*** Opening Records for this task ***
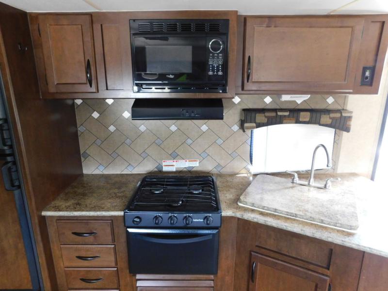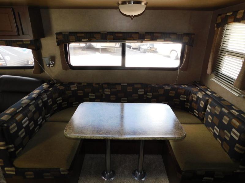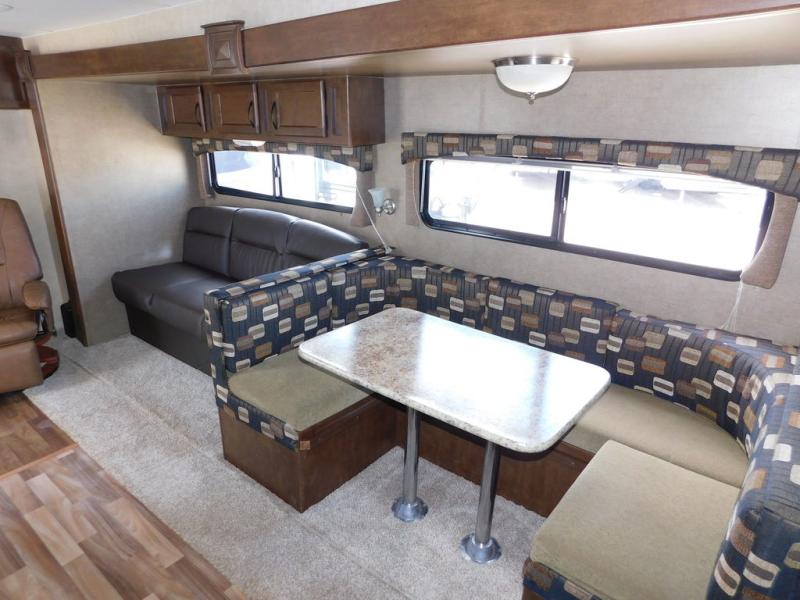 As you enter through the rear door you will find along the rear wall two lounge chairs, an end table, and a large overhead cabinet which runs the width of this trailer. Enjoy seating at the sofa and u-shaped dinette during the day, and at night both of these seating areas convert into additional sleeping space.
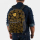 This fun backpack design features a yellow leaf skeleton pattern over a black background with black on the lower sides and bottom. Personalize or remove the initial letter monogram that is centered in the leaf on the front pocket or use the edit design tool to select a font style, size, and color you prefer. A fun design for a gift idea used for back to school, diaper bag, picnics, the beach, travel and more.
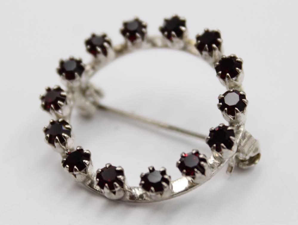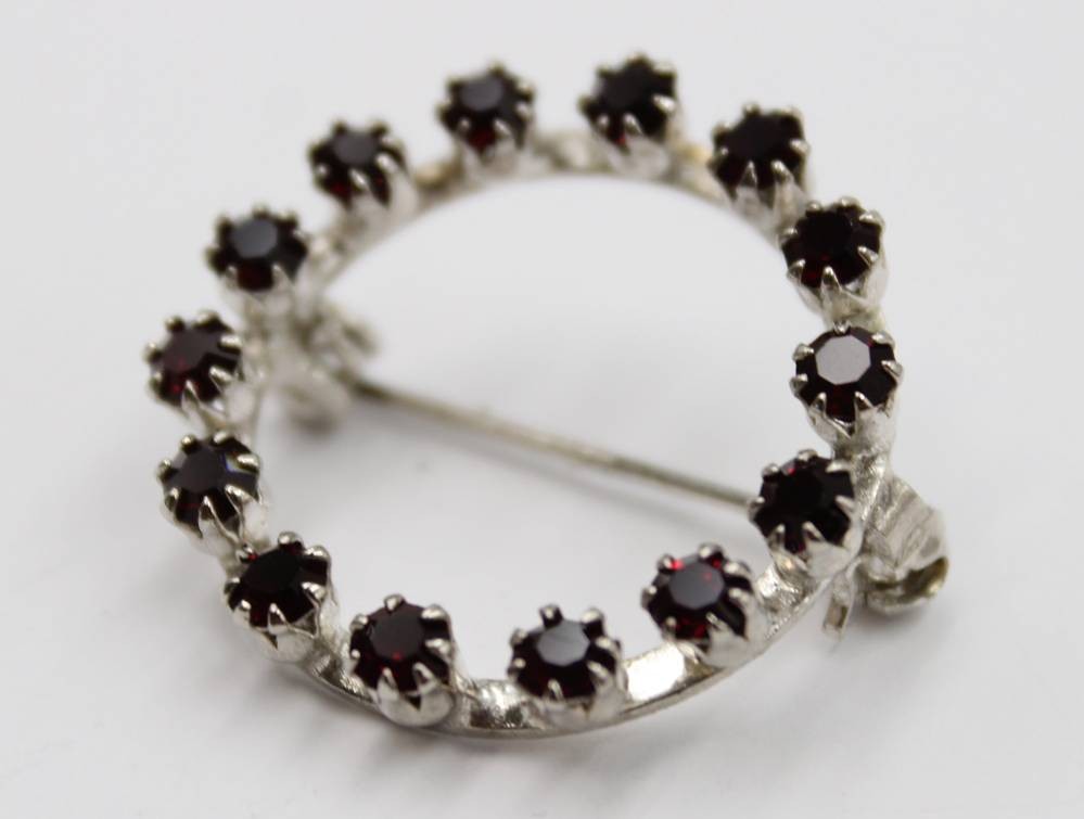 Modeschmuck-Brosche, rote Steine, D-2,6cm [1]
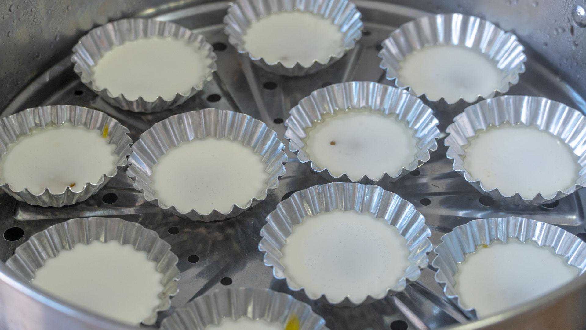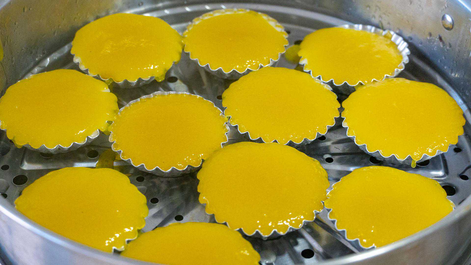 4、水开后,把盘子轻轻放到篦子上大火,大约蒸2分钟左右,关火,一开盖子会看到鼓起大包,瞬间回落的样子,这就熟了。
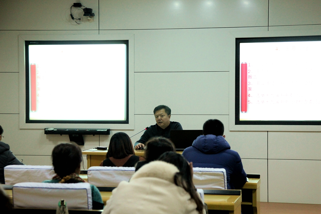 在東區圖書館8樓報告廳,校黨的十九大精神宣講團成員、哲學與法學學院政治學與行政學專業徐鳳江副教授以《深入推進新時代黨的建設的偉大工程》為題,在講述了新時代全面加強黨的建設的必要性、黨的十八大以來黨的建設的重要手段、措施及成就后,著重解讀了新時代黨的建設的總要求、新時代黨的建設的八項重點任務。他指出,學習領會黨的十九大精神,要緊緊圍繞習近平新時代中國特色社會主義思想這個主線,堅持讀原著、學原文、悟原理,做到學深悟透。通過學習引導全黨自覺維護習近平總書記作為黨中央的核心、全黨的核心地位,維護黨中央權威和集中統一領導。把師生的思想和行動統一到黨的十九大精神上來,把力量凝聚到黨的十九大確定的各項任務上來。圖書館全體教職工參加了宣講活動。
*** Closing Records for this task ***
Print every line of the listing exactly, please, and leave the images out.

 As you enter through the rear door you will find along the rear wall two lounge chairs, an end table, and a large overhead cabinet which runs the width of this trailer. Enjoy seating at the sofa and u-shaped dinette during the day, and at night both of these seating areas convert into additional sleeping space.
 This fun backpack design features a yellow leaf skeleton pattern over a black background with black on the lower sides and bottom. Personalize or remove the initial letter monogram that is centered in the leaf on the front pocket or use the edit design tool to select a font style, size, and color you prefer. A fun design for a gift idea used for back to school, diaper bag, picnics, the beach, travel and more.
 Modeschmuck-Brosche, rote Steine, D-2,6cm [1]
 4、水开后,把盘子轻轻放到篦子上大火,大约蒸2分钟左右,关火,一开盖子会看到鼓起大包,瞬间回落的样子,这就熟了。
 在東區圖書館8樓報告廳,校黨的十九大精神宣講團成員、哲學與法學學院政治學與行政學專業徐鳳江副教授以《深入推進新時代黨的建設的偉大工程》為題,在講述了新時代全面加強黨的建設的必要性、黨的十八大以來黨的建設的重要手段、措施及成就后,著重解讀了新時代黨的建設的總要求、新時代黨的建設的八項重點任務。他指出,學習領會黨的十九大精神,要緊緊圍繞習近平新時代中國特色社會主義思想這個主線,堅持讀原著、學原文、悟原理,做到學深悟透。通過學習引導全黨自覺維護習近平總書記作為黨中央的核心、全黨的核心地位,維護黨中央權威和集中統一領導。把師生的思想和行動統一到黨的十九大精神上來,把力量凝聚到黨的十九大確定的各項任務上來。圖書館全體教職工參加了宣講活動。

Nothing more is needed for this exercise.